**SOURCE DATA**
+===+

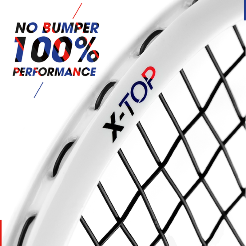 Equipped with Tecnifibre’s revolutionary X-Top Technology, the bumperless design eliminates excess drag and vibration by reinforcing the racquet’s top with Aramid fibers — a material used in ballistic gear for its extreme strength and resistance. This improves racquet head speed while maintaining excellent durability even under intense match play.
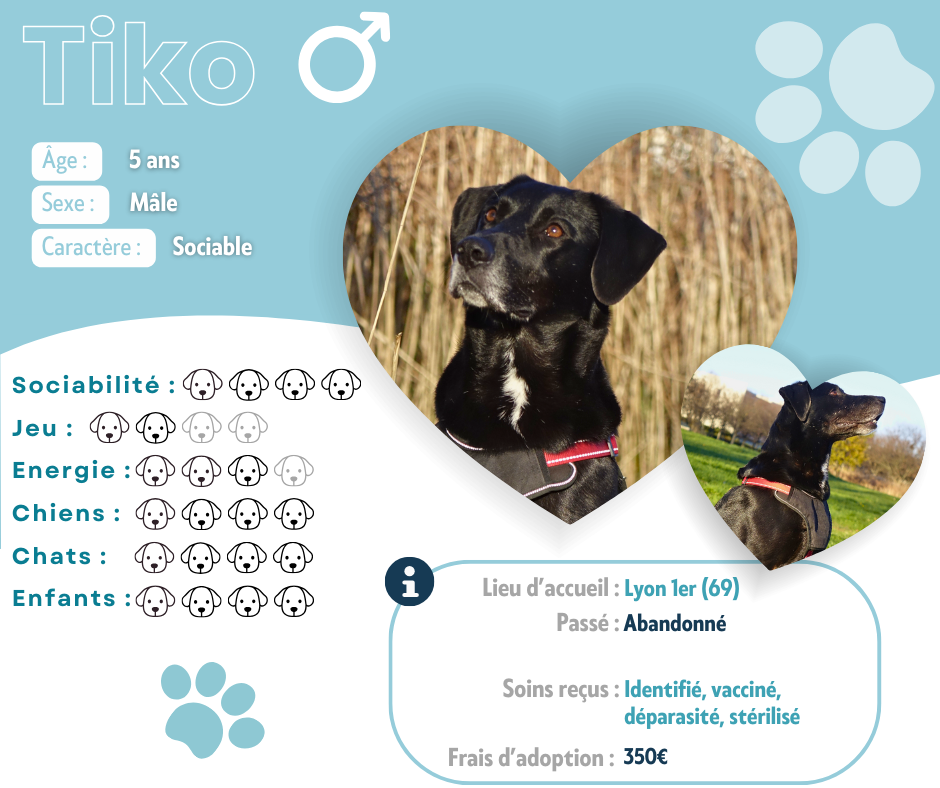 Je m’appelle Tiko. Je suis un beau berger de presque 5 ans à la recherche de ma famille pour la vie.
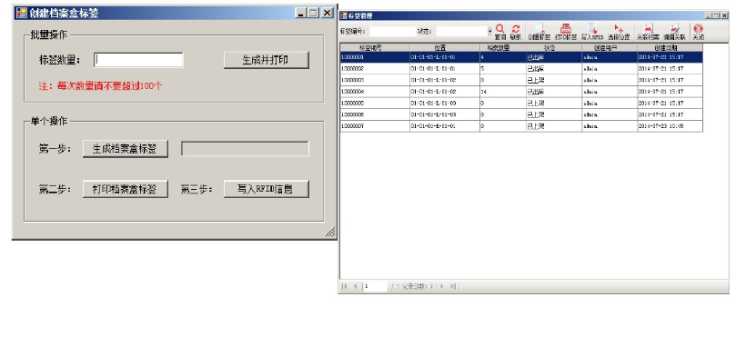 对于档案存放的方式不同,博能科技也提供了不同的管理方案。就档案袋来讲,博能科技应用适用于档案袋的管理标签,系统初始化档案袋编号以及内容等信息,并利用rfid打印机写入标签中,将标签贴于档案袋规定的位置,并将携带有电子标签的档案袋放置于工作人员的rfid管理站进行复核工作,整个管理过程需要的硬件设备包括档案袋电子标签、rfid打印机、rfid读写器管理站。对于档案盒的管理,与档案袋相同,将写好档案信息的标签贴于档案盒脊地步的规定位置,并进行标签复核,整个过程所需的硬件设备也与档案袋管理相同。

+===+

**ACTIVITY**
Find the line that contains "Je m’appelle Tiko." and repeat it, along with every line after it to the end of the data, exactly; drop the pictures.

**SOLUTION FOR THIS EXERCISE**
 Je m’appelle Tiko. Je suis un beau berger de presque 5 ans à la recherche de ma famille pour la vie.
 对于档案存放的方式不同,博能科技也提供了不同的管理方案。就档案袋来讲,博能科技应用适用于档案袋的管理标签,系统初始化档案袋编号以及内容等信息,并利用rfid打印机写入标签中,将标签贴于档案袋规定的位置,并将携带有电子标签的档案袋放置于工作人员的rfid管理站进行复核工作,整个管理过程需要的硬件设备包括档案袋电子标签、rfid打印机、rfid读写器管理站。对于档案盒的管理,与档案袋相同,将写好档案信息的标签贴于档案盒脊地步的规定位置,并进行标签复核,整个过程所需的硬件设备也与档案袋管理相同。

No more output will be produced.